Your scraper hits a public jobs page, pulls names, email addresses, and employer histories at scale, and lands them in a database for outreach. The data was public. The site had no login wall. You respected robots.txt. By almost any intuitive reading, you’ve done nothing wrong.
Then a data protection authority opens an investigation.
This is the gap that trips up data teams, growth engineers, and market intelligence platforms every year. GDPR compliance for web scraping is not about whether data was public. It’s about whether you had a lawful basis for processing it, whether you minimized what you collected, and whether the people whose data you hold can exercise their rights. The rules apply whether you scraped a profile from a gated platform or a register that any government website makes freely available.
This guide covers how GDPR actually regulates web scraping: the lawful bases available, the enforcement cases that define what “compliance” means in practice, and the technical and documentation steps your pipeline needs before you collect a single personal data field at scale.
Why “publicly available” doesn’t exempt you from GDPR
GDPR defines personal data broadly: any information relating to an identified or identifiable natural person.

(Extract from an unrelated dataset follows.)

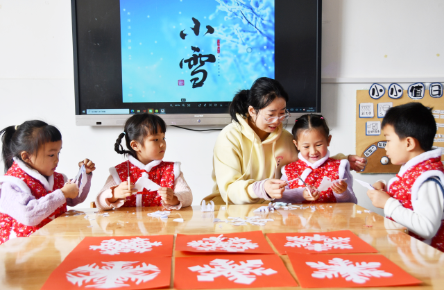 11月21日,湖南省永州市江永縣工業(yè)集中區(qū)幼兒園老師在指導小朋友們剪紙“雪花”。小雪節(jié)氣來臨,該幼兒園開展以“剪雪花 迎小雪 知節(jié)氣”為主題的手工實踐活動,讓孩子們感悟節(jié)氣傳統(tǒng)文化的魅力。中國教育報-中國教育新聞網(wǎng)通訊員 田如瑞 攝

That covers names and email addresses obviously, but also IP addresses, job titles combined with employer names, profile photos, and any combination of fields that together let you single out an individual.
The critical point that catches teams off guard is that a field being publicly accessible does not remove it from GDPR’s scope. A name appearing on a public company register is still personal data. A LinkedIn profile URL is personal data. An aggregate page view count is not.
The Polish data protection authority’s first GDPR fine made this concrete. In March 2019, a firm was fined 220,000 euros for scraping over six million Polish citizens’ business contact details from a public commercial register and using them for commercial services, without meeting the Article 14 notification obligation that applies when you collect personal data from a source other than the data subject themselves. The data was genuinely public. The fine was genuine too, per GDPR.eu’s tracking of the case.
Six years later, the enforcement logic has only hardened. In December 2024, France’s CNIL fined a data scraping company 240,000 euros specifically for scraping LinkedIn contact details from users who had restricted their profile visibility to first- and second-degree connections. The fine confirmed a principle the regulation has always contained but enforcement has now made undeniable: exceeding the reasonable expectations of individuals whose data you process is itself a GDPR violation, even when no login wall was bypassed. The CNIL’s published decision is available on their site.
The only lawful basis that works at scraping scale
Under Article 6 GDPR, you need a lawful basis before processing any personal data. For web scraping, three bases exist in theory. Two fail in practice at scale.
Consent (Article 6(1)(a)) requires a clear affirmative act from each individual before you collect their data. You can’t get consent from millions of people before scraping them. The European Data Protection Board’s Opinion 28/2024 on AI training data explicitly confirmed this: consent is “unlikely to serve as a valid legal basis for web scraping due to the large-scale data collection and the difficulty of identifying whose data will be scraped.”
Contractual necessity (Article 6(1)(b)) applies when processing is necessary to perform a contract with the data subject. There’s no contract between a scraper and the people whose data it collects. This basis doesn’t apply.
Legitimate interest (Article 6(1)(f)) is the only viable route, and it is a route, not a shortcut. This basis allows processing when you have a genuine, specific interest that isn’t overridden by the individuals’ rights and freedoms. It requires documented justification before you start, and ongoing accountability after. In June 2025, France’s CNIL confirmed this in published guidance, building on EDPB Opinion 28/2024: scraping is not inherently prohibited under GDPR, but legitimate interest is conditional on strict necessity and proportionality.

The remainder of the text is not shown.